Truth about Stakeknife goes too high to ever be revealed
Posted By: October 29, 2015
Allison Morris. Irish News( Belfast). Thursday, October 29, 2015
The existence of collusion was for many years denied by those who sought to paint conflict here as a squalid little sectarian scrap when in reality differences between the two communities were always exploited by an unseen hand.
The vast scale of the investigation now being called for into murders either committed or ordered by the IRA agent known as Stakeknife has given context to just what lengths the state was willing to go to keep control of organisations it claimed to be fighting against.
While director of the Public Prosecution Service Barra McGrory refused to name the agent Stakeknife, he is said to be 69-year-old Freddie Scappaticci. Originally from the Markets area of Belfast and of Italian descent, the short, plump, middle aged man whose face is now so familiar – and who denies being Stakeknife – is an unlikely serial killer.
But sources put the number of killings allegedly carried out or ordered by Scappaticci at around 40, mainly members of his own community accused by the IRA of being informers.
He was the organisation’s head of internal security, a hunter of ‘touts’[informers], feared as the man who gave either the thumbs up or down, an assassin with the power of life and death in his hands.
A look through the list of 23 initial victims expected to be investigated by police shows a pattern. Stakeknife was killing low level informants, what were known as £10 touts, in order to protect middle level informers while all the time he himself was the highest level agent on the books of British military intelligence. The jewel in the crown, the golden egg.
We know that any investigation into his activities would be a sham were it not to include the handlers and army officers who not only allowed him to kill with impunity but in many cases helped pinpoint targets.
Sacrificial lambs, singled out for murder when the IRA suspected a mole in the ranks. The individuals pinpointed were, it is now suspected, offered up in order to save more valuable assets.
Questions that now need answered centre around if these people’s lives could have been saved by the authorities.
What is the point of running agents if they are taking rather than saving lives? Whose agenda does it serve?
The former police ombudsman Nuala O’Loan exposed a murderous ring of informers at the centre of the Mount Vernon UVF headed up by agent Mark Haddock, currently in jail in England for trying to kill one of his former associates.
But in comparison to Stakeknife Haddock was a minion. His campaign of terror was centred on the sectarian murder of innocent Catholics or killing people who got in the way of his money-making drug empire. He headed up what was in effect an organised criminal gang. He was no threat to national security as such.
The IRA, at a time when they were flooring [destroying]parts of London, were of interest to Downing Street in a way the activities of loyalists would never have been.
The inference being that they not only controlled the activities of Stakeknife regarding internal matters within his own organisation but he also passed on information regarding IRA bomb attacks.
And yet as we know many of the attacks went ahead regardless, people were allowed to die and for what? And by whom?

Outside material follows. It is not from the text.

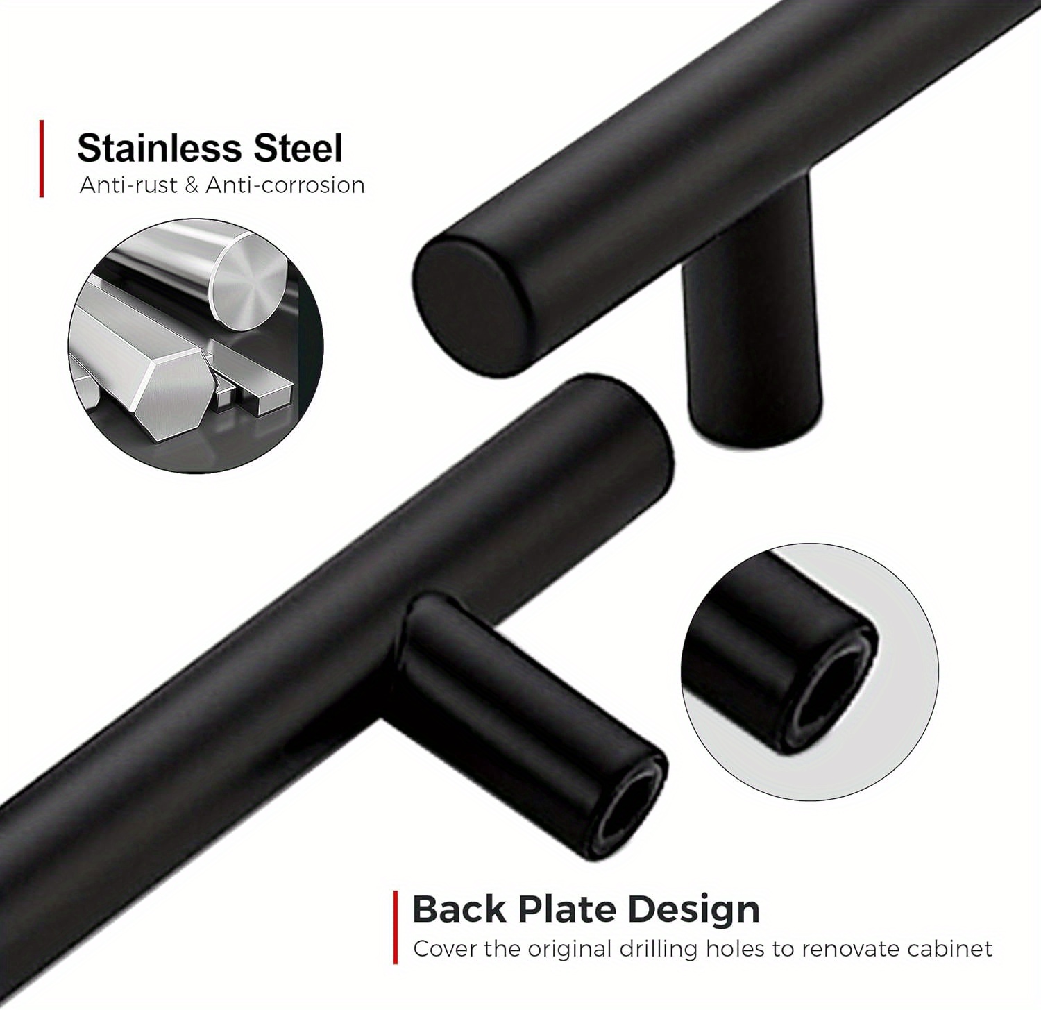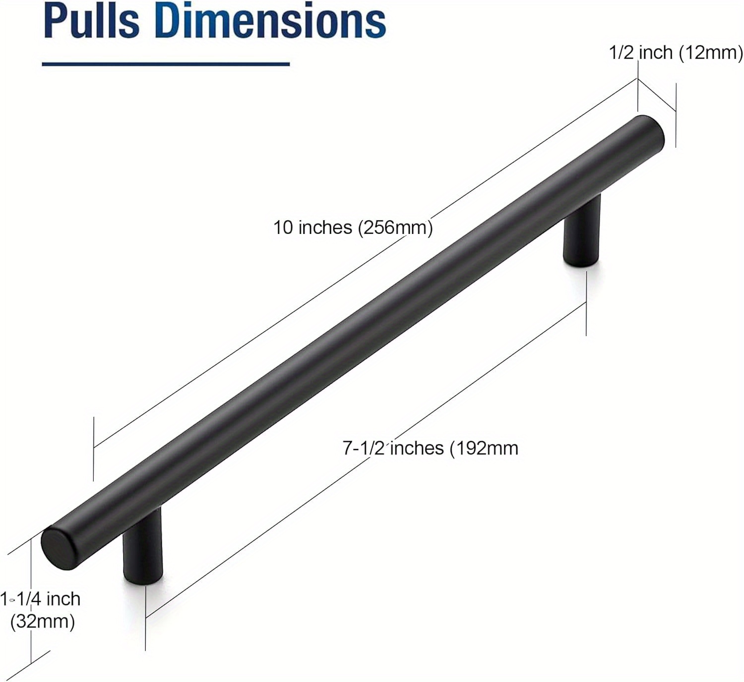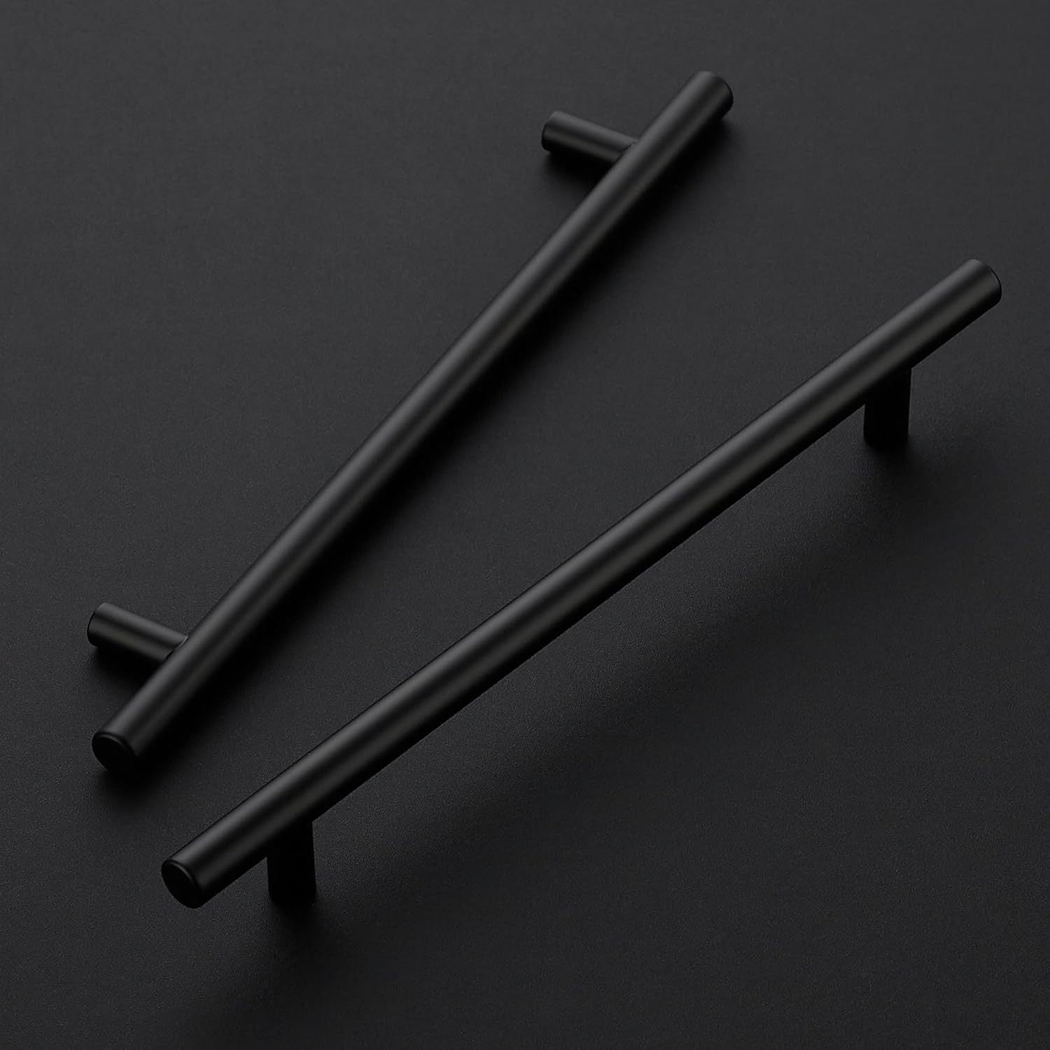 25/50 Pack Matte Black Stainless Steel Cabinet Pulls 7-3/8 Inch with 5 Inch Hole Center (128mm) - Modern Sleek Design Kitchen Hardware for Cabinets & Cupboards, Includes Mounting Screws, Kitchen Handles for Cabinets, Minimali

In 2003 when Scappaticci was first outed as an agent there was a for a time an effort to contain, deny and manage the allegations by republicans and Sinn Féin at a high level.
Not because they believed them to be untrue but because the truth was just too damaging.
After all, collusion was between the British state and loyalist paramilitaries, right?
We now know that nothing could be further from the truth and that the hidden hand was playing both sides of the chess board while people were losing their lives needlessly in what were on occasions preventable incidents.
To what end and on whose orders?
They’re questions that should be answered by any future investigation into IRA collusion with the British state but will they be?
Will they heck, for the truth in the case of Stakeknife goes too high up the chain of power.